**Your task**.
Among the entries below, only the lines from the one with "Answers Crossword Solver" through the one with "一个多月来,全体同学根据自己" are to be retyped, exactly and without pictures.

======== Input records ========

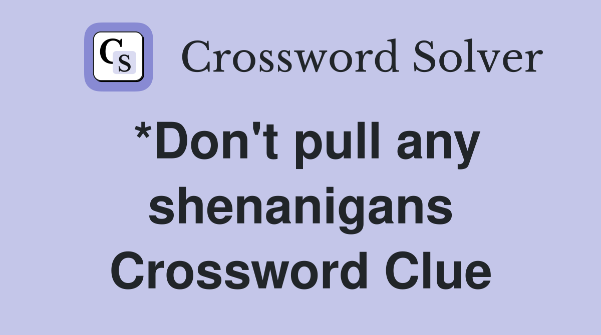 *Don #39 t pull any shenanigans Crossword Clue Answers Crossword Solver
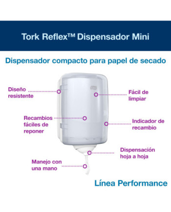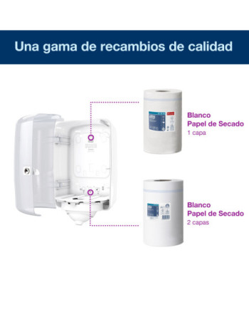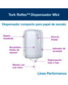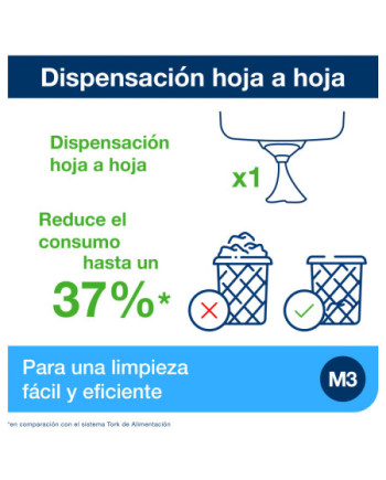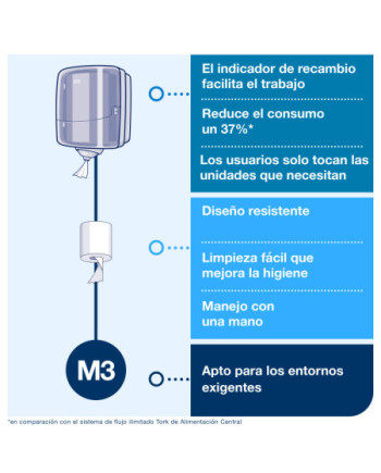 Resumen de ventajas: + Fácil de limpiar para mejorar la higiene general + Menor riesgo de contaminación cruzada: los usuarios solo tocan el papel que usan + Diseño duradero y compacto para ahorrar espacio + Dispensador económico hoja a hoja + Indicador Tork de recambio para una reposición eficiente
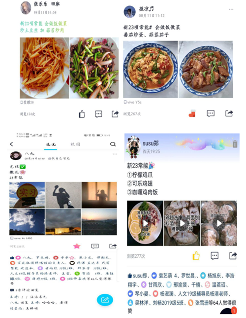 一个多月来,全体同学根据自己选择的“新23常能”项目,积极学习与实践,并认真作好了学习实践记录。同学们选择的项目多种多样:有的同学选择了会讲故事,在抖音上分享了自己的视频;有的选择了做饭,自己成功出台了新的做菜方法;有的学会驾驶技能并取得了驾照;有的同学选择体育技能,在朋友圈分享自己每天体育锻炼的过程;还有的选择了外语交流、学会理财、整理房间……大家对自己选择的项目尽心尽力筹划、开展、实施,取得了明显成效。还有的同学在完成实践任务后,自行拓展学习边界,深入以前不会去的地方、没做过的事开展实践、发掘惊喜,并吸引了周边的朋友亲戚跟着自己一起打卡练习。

========
======== Input records ========

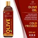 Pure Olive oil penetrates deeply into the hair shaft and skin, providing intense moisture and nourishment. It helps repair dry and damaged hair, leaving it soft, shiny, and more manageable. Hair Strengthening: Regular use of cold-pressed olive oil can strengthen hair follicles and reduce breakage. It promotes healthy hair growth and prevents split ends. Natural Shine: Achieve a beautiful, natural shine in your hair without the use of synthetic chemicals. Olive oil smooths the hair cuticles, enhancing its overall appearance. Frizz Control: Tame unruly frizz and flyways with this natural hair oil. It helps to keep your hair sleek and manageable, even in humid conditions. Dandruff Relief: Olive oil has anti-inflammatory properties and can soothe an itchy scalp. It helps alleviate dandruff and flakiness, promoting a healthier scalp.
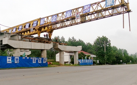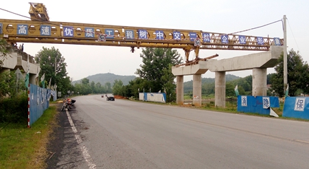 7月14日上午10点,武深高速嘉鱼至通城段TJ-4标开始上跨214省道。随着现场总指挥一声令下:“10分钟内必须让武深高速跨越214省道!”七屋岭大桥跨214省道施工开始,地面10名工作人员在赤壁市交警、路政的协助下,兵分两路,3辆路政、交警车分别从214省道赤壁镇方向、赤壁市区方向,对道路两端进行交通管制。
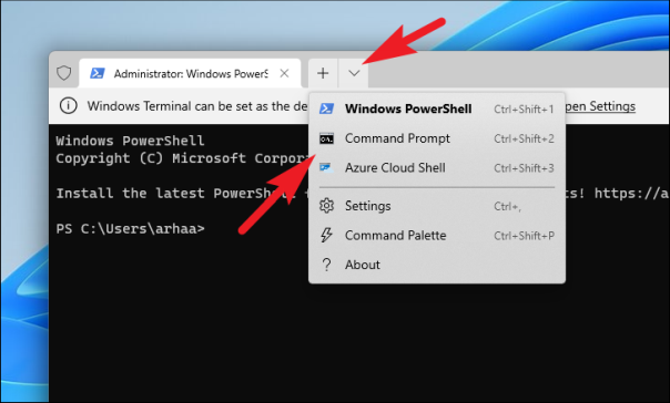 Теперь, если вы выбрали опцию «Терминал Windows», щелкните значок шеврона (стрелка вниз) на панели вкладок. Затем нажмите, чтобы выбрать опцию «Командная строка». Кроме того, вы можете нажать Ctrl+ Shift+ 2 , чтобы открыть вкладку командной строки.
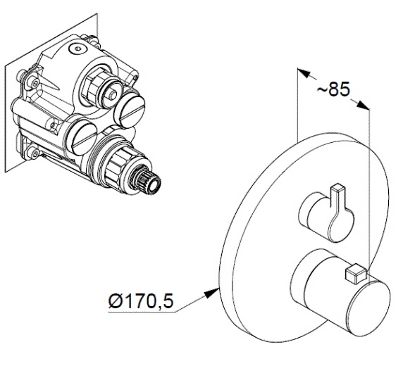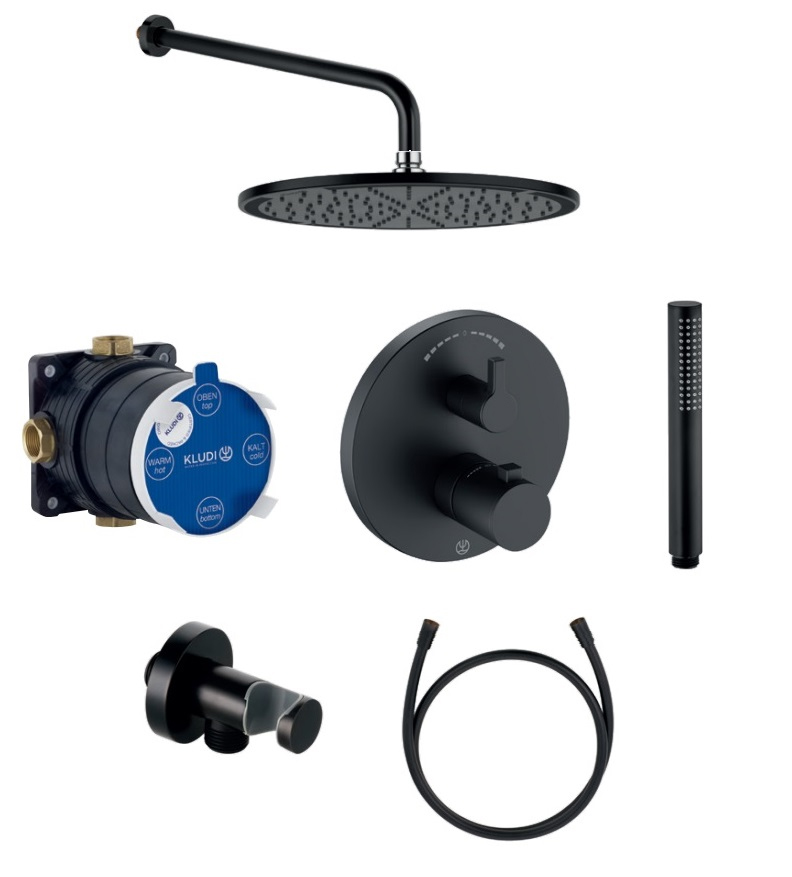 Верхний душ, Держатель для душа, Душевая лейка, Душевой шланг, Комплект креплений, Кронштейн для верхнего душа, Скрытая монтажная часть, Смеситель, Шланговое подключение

========
======== Input records ========

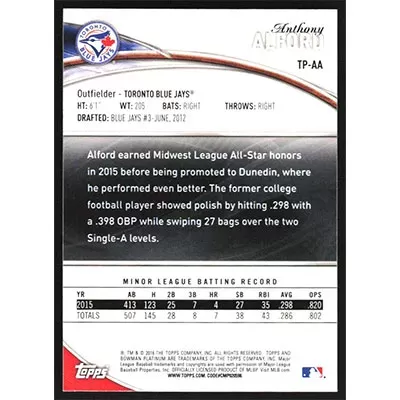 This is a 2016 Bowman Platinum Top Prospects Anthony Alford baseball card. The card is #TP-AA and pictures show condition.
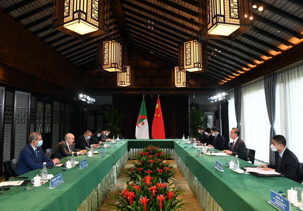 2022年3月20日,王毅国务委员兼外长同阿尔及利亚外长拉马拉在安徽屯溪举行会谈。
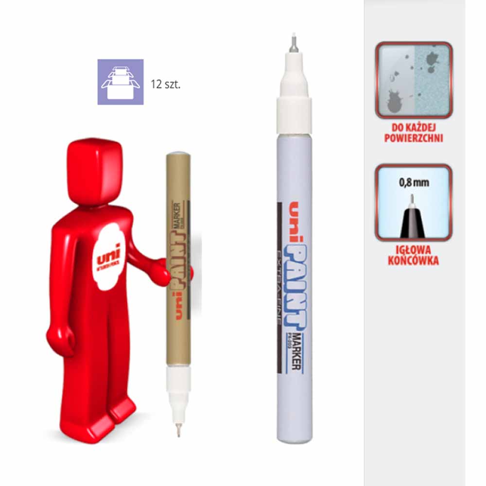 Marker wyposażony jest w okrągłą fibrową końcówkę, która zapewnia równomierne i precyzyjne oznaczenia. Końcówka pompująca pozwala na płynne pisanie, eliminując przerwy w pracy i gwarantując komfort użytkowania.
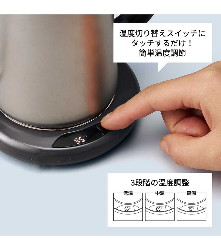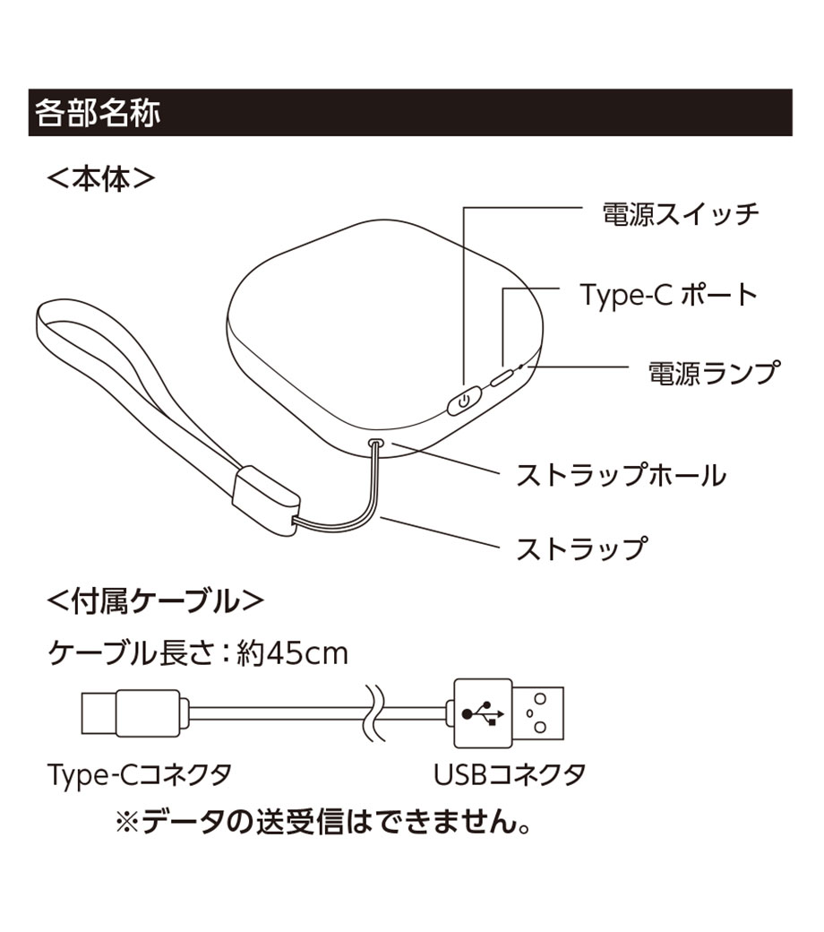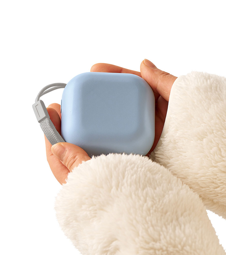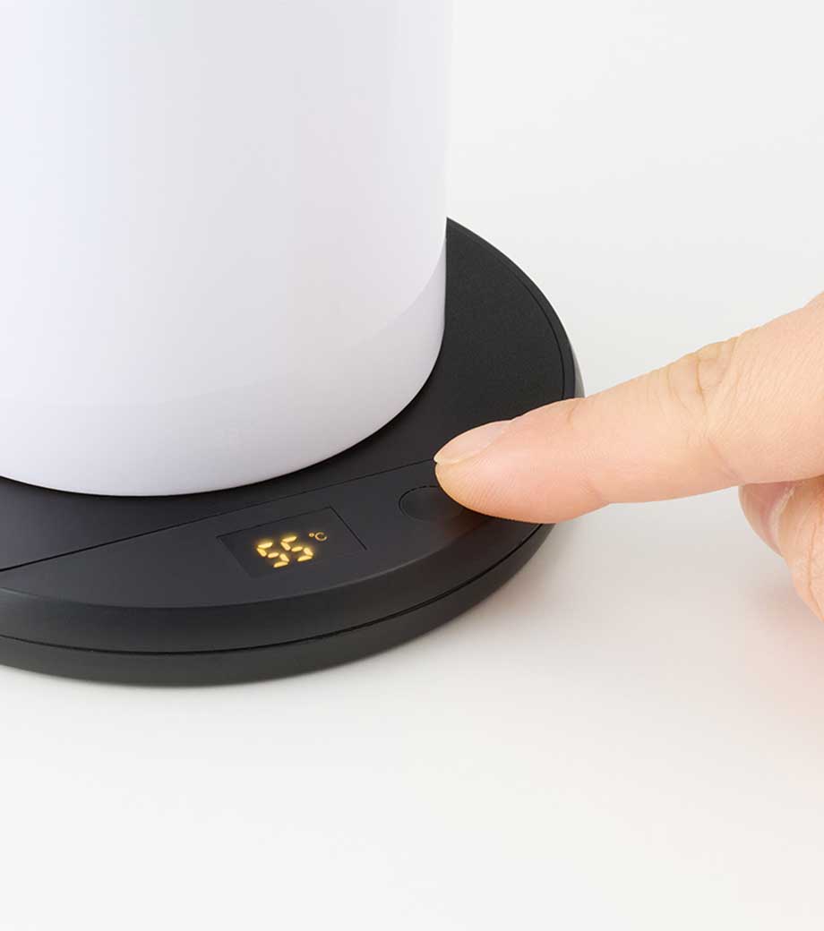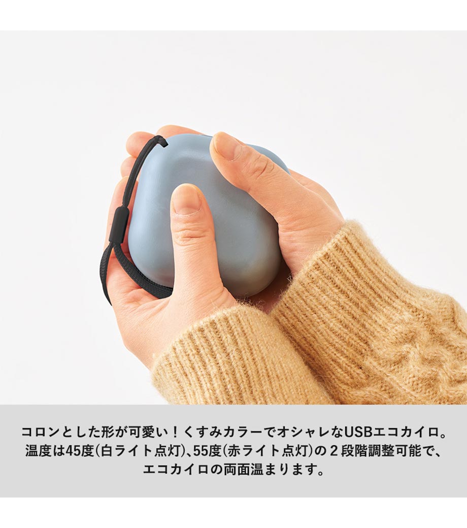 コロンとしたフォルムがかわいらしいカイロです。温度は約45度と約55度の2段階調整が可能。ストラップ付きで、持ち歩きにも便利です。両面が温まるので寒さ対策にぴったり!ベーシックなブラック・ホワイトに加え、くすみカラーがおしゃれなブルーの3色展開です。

========

**Task answer**.
 *Don #39 t pull any shenanigans Crossword Clue Answers Crossword Solver
 Resumen de ventajas: + Fácil de limpiar para mejorar la higiene general + Menor riesgo de contaminación cruzada: los usuarios solo tocan el papel que usan + Diseño duradero y compacto para ahorrar espacio + Dispensador económico hoja a hoja + Indicador Tork de recambio para una reposición eficiente
 一个多月来,全体同学根据自己选择的“新23常能”项目,积极学习与实践,并认真作好了学习实践记录。同学们选择的项目多种多样:有的同学选择了会讲故事,在抖音上分享了自己的视频;有的选择了做饭,自己成功出台了新的做菜方法;有的学会驾驶技能并取得了驾照;有的同学选择体育技能,在朋友圈分享自己每天体育锻炼的过程;还有的选择了外语交流、学会理财、整理房间……大家对自己选择的项目尽心尽力筹划、开展、实施,取得了明显成效。还有的同学在完成实践任务后,自行拓展学习边界,深入以前不会去的地方、没做过的事开展实践、发掘惊喜,并吸引了周边的朋友亲戚跟着自己一起打卡练习。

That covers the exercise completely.